Playing some asymptotic complexity trickery
Consider the problem of determining whether an array of booleans contains at least a single true value. When this crops up in practice, we usually have an array of some other type and want to know if any element satisfies some predicate, but we’ll consider the simpler case of an all-boolean array. We can write this function as follows, using a reduction with the boolean or-operator:
def or_reduce [n] (xs: [n]bool) = reduce (||) false xsThe work is O(n) and the span is O(log n). However, we can also write it
with scatter, where we take advantage of the fact that scatter ignores
writes that would be out-of-bounds. The trick is to scatter into a
single-element array, and turn non-true values into invalid indexes:
def or_scatter [n] (xs: [n]bool) =
head (scatter [false] (map (\x -> if x then 0 else 1) xs) xs)By Futhark’s cost model, this function has O(n) work, but only O(1) span,
meaning it should in some sense be faster, or at least scale better. Yet I am
deeply suspicious of this, as it is essentially a many-to-one communication,
which does not intuitively seem like it should be constant to be. Also, the GPU
code that comes out of this will consist of many threads writing to the exact
same spot in memory. This will work, because they all write the same true
value, but I imagine the memory system will have to do some kind of
sequentialisation of the different transactions.
So why don’t we check what happens if we actually implement this and benchmark it on some random arrays of booleans? I did so, ran it on one of the A100 GPUs at the department, and got the following results.
While they start out pretty close, clearly the reduce-based implementation
works better for what is, fundamentally, a reduction. I tried playing around
with the input distribution, in particular the case where only a single input
element has a nonzero value, and while it did produce an almost 2x speedup for
or_scatter, that is still not enough for it to match or_reduce.
This suggests that while Futhark’s cost model needs some refinement. While span
complexity does not translate directly to wall-clock performance on account of
me not being able to afford one of those infinitely parallel computers on a an
academic salary, I am not comfortable with the current promises for scatter.
Perhaps a better complexity guarantee is that the span is proportional to the
number of writes to the same index.
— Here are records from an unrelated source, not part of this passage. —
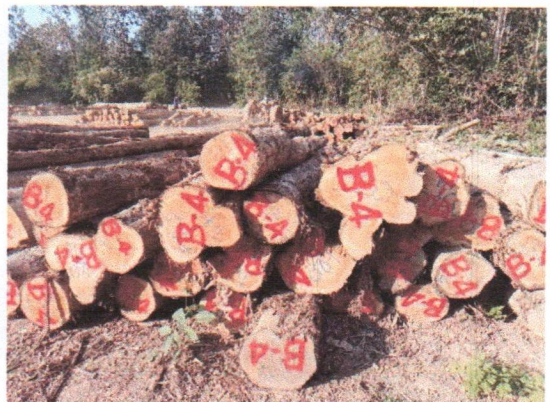
กองที่ 4 รหัส MH-B4

จำนวน...60...ท่อน ปริมาตร.....6.33...ลบ.ม. คณะกรรมการกำหนด.....51,300...บาท
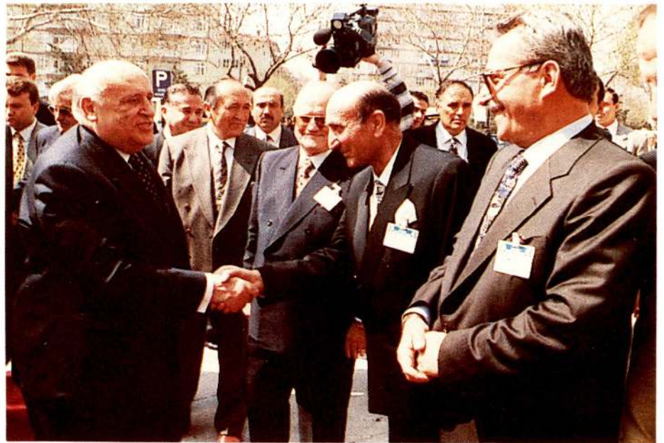
Cumhurbaşkanı Süleyman Demirel, kendisini karşılayan Yönetim Kurulu üyelerimizin tek tek hatırını sordu.

Sayın Cumhurbaşkanım, lütfettiniz, esirgemediniz, zamanınızın taşıdığı değere rağmen, İstanbul'da Kadir-Rezan Has Tıp Merkezi'ni kısa bir süre önce
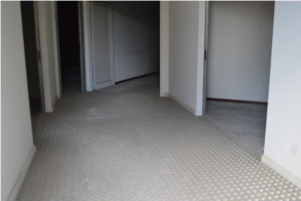
Ingresso dei magazzini dal portone sud sub. 3
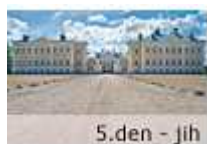
5.den - jih

Ještě plni včerejšího výletu na východ Lotyšska a vzpomínek na vynikající večeri naskakujeme do auta. Vlad je vysmátý, jako prakticky pořád, sluníčko zas pro změnu svítí a nás čeká cesta na jih krajiny. No jih to vlastně ani nebude, protože tam, kde končí jih, začíná sever a my pojedeme nejdříve
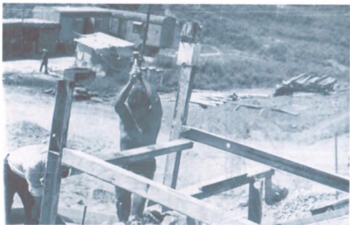
Максатка жетүүдө Гыламидин дайыма шымалана кирет. Арг жакта жатакана, ашканалары.
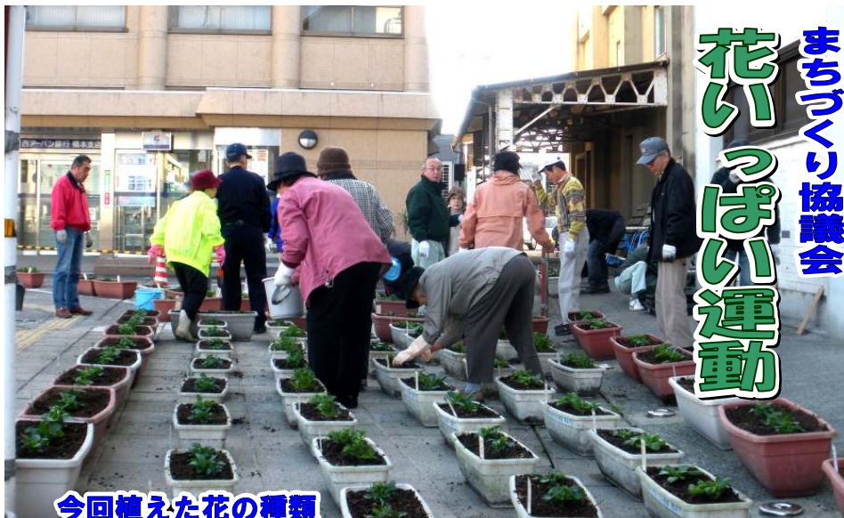
今回植えた花の種類
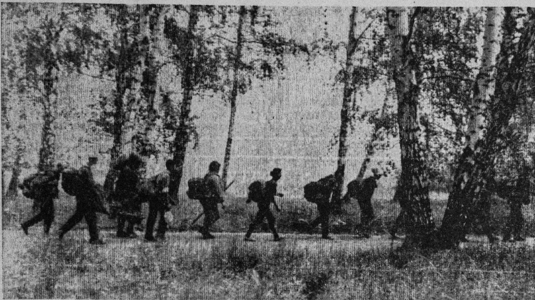
ЗОВУТ ТУРИСТСКИЕ ТРОПЫ.
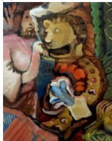
奥まゆみ 「塵ヌルヲ no.23」
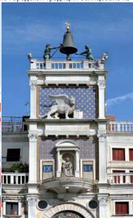
Венеция. Часовая Башня. Деталь
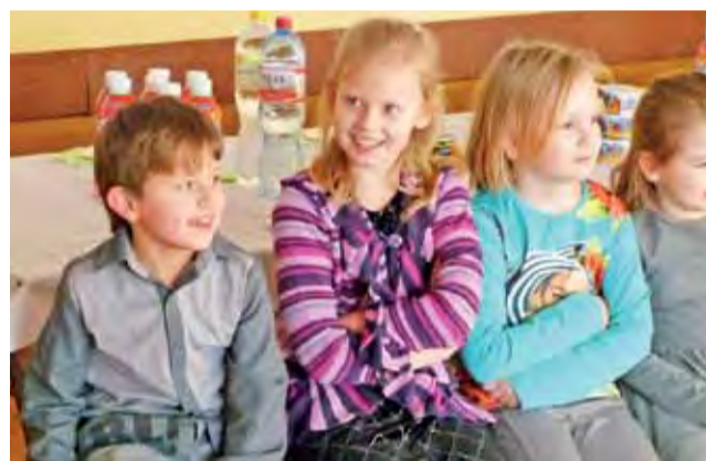
Chwila odpoczynku pomiędzy szalonymi zabawami.

Zwierzchniem choinki była wizyta św. Mikołaja, który każdemu dziecku wręczył paczkę z prezentami. – Fajnie, że coś takiego się
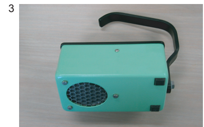
contaminamètre plat de 15 cm 2

3. Photographie d'un contaminamètre Technical Associates TBM-3S
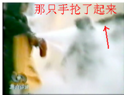
那只手抡了起来 ↑ Đột nhiên cánh tay đó đánh vào đầu cô Lưu từ phía sau.
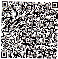
唐炫的年检二维码
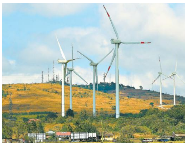
Ilustración 3 Cerro de Hula

de energía, con una capacidad instalada total hasta el año 2018 de 225 MW. Primera planta Eólica fue Mesoamérica, llamado también parque Eólico Cerro de Hula, situado en el departamento de Francisco Morazán, Santa Ana, y San Buena Ventura, con Coordenadas 14° 5N87° 23O, es el primer parque Eólico instalado en honduras. Los vientos de la zona son muy fuertes, en los meses de verano e invierno hay variaciones y se refleja en la generación eléctrica, el parque está muy cerca de la red eléctrica y justo al lado de Carretera del Sur – CA-5. El proyecto comenzó a funcionar en octubre de 2011 la primera etapa 52 aerogeneradores de 2 MW de capacidad, potencia nominal total de 102 MW. (H. ALVAREZ, 2020)
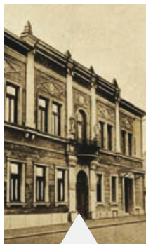
A Munkásotthon épülete 1928-ban

Tudtommal csak Csepelen és Kispesten van vagy volt Munkásotthon az újpestin kívül. Mert ahol munkások voltak, ott lenni kellett munkásotthonnak is! Az épületet sajnos elvitte a lakótelep-építés és az utcát is. Én sajnálom.
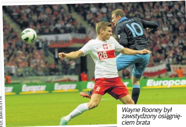
Wayne Rooney był zawstydzony osiągnięciem brata

Mecz został rozegrany na stadionie Moss Rose, gdzie wcześniej w sobotę odbył się
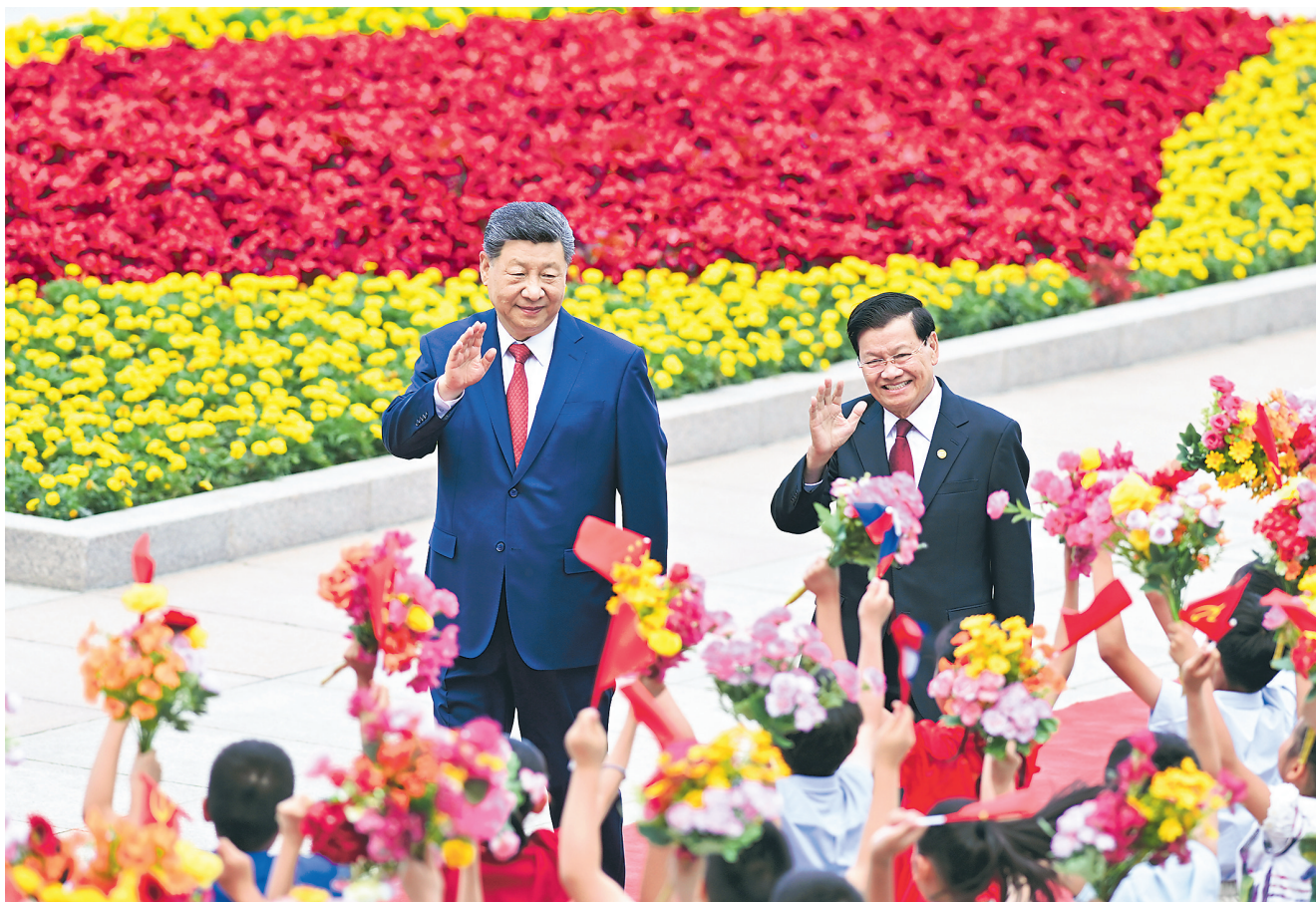
6月5日下午,中共中央总书记、国家主席习近平在北京人民大会堂同来华进行国事访问的老挝人民革命党中央总书记、国家主席通伦举行会谈。这是会谈前,习近平在人民大会堂东门外广场为通伦举行欢迎仪式。
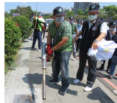
防疫消毒大隊噴藥加強維護公共環境衛生
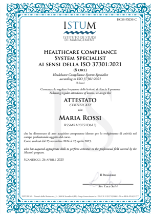
Healthcare Compliance System Specialist ai sensi della ISO 37301:2021 (8 ore)
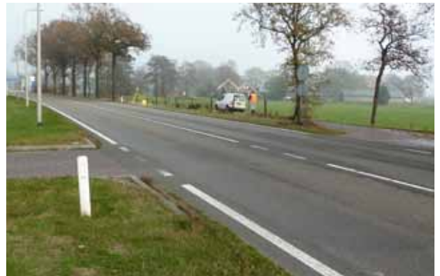
Huidige situatie Klooster
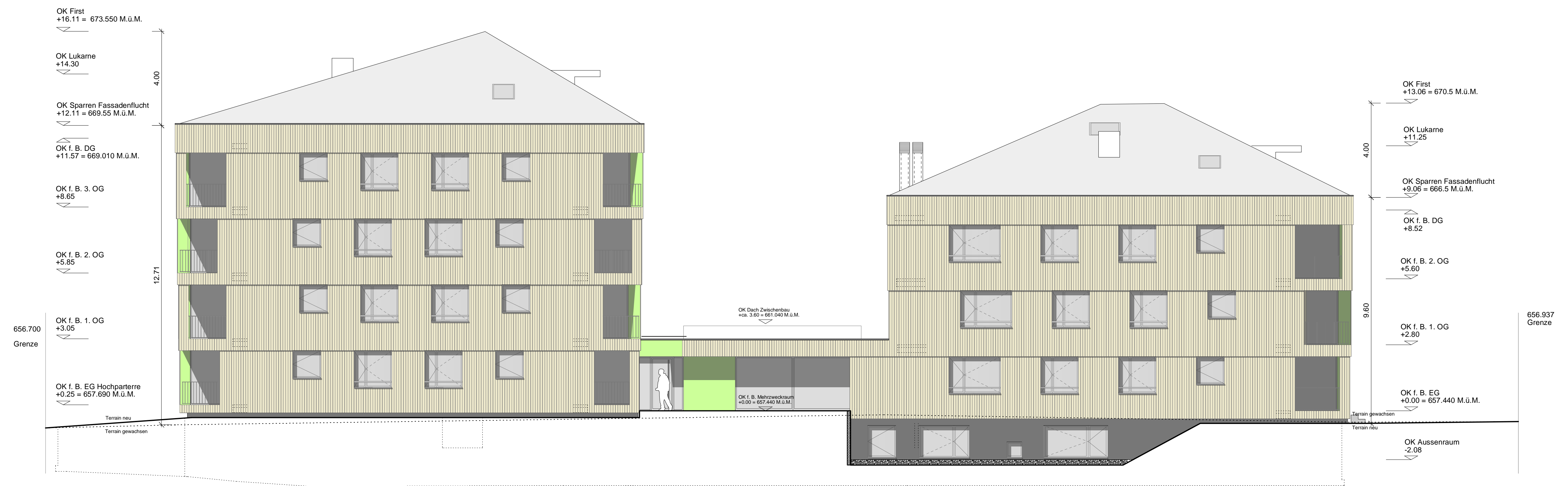
Ansicht Nord Haus B
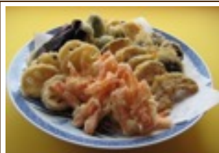
精進揚げ盛合わせ 2,200円~ (写真は4,400円)
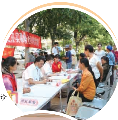
▶ 开展爱心义诊 志愿服务。

发展光伏清洁能源产业，推广低碳建筑，建设低碳民居100户，逐步调整村庄能源结构，着力推动农业农村绿色高质量发展和乡村全域全面振兴，全面展示米易县“产业强、生态优、人文美”的农业农村现代化建设新成效。
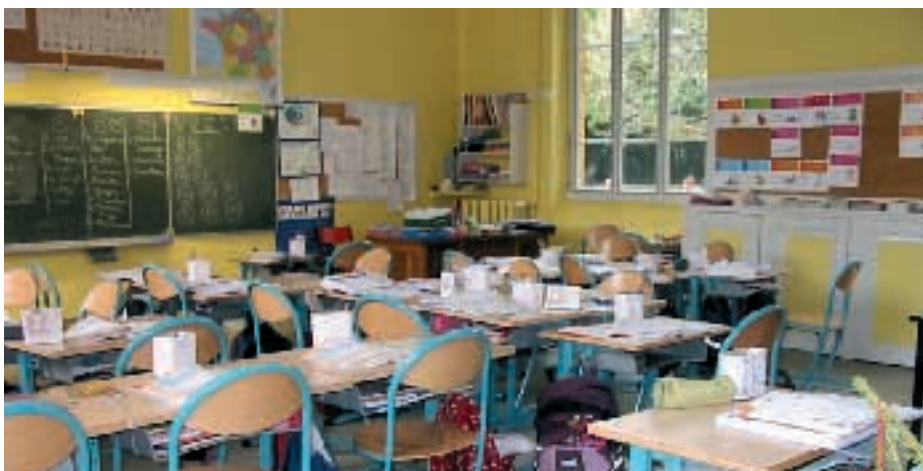
Salle de classe rénovée et nouveaux bureaux

Par ailleurs, après étude et recensement du parc informatique se trouvant dans chacune des classes, l'équipe municipale a souhaité financer une salle informatique composée de 15 ordinateurs. L'outil sera opérationnel à partir de mars 2009.

This might also be an avenue towards
improving our complexity guarantees for generalised
histograms,
which we currently document as having an extremely pessimistic linear span, to
account for a very rare worst case where you have a huge but very sparse
histogram where all inputs update the same bin. Our students always end up
hyperfixating on this because it messes up the complexity of their programs that
use histograms, despite the students actually writing a work-efficient
logarithmic span implementation of generalised histogram as part of their first
assignment
(but which we do not use in the compiler because its constant factors are much
worse in all non-pathological cases).